DATA BELOW ->

####################

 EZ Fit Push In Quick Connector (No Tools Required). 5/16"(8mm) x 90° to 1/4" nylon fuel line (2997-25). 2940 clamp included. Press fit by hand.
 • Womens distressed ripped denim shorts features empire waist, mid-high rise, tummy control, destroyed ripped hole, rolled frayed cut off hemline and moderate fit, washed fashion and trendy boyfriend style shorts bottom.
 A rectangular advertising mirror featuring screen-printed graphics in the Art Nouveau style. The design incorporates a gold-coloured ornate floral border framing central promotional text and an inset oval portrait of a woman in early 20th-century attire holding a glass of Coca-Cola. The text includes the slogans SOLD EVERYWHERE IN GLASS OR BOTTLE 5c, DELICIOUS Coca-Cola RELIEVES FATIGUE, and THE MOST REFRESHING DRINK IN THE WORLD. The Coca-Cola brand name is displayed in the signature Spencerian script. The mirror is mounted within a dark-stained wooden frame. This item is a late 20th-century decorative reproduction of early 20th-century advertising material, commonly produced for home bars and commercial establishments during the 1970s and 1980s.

####################

WORK TO COMPLETE -> All lines from the beginning of the listing through the one with "style shorts bottom." are to be restated word for word, and only those.

SOLUTION FOR THIS EXERCISE ->
 EZ Fit Push In Quick Connector (No Tools Required). 5/16"(8mm) x 90° to 1/4" nylon fuel line (2997-25). 2940 clamp included. Press fit by hand.
 • Womens distressed ripped denim shorts features empire waist, mid-high rise, tummy control, destroyed ripped hole, rolled frayed cut off hemline and moderate fit, washed fashion and trendy boyfriend style shorts bottom.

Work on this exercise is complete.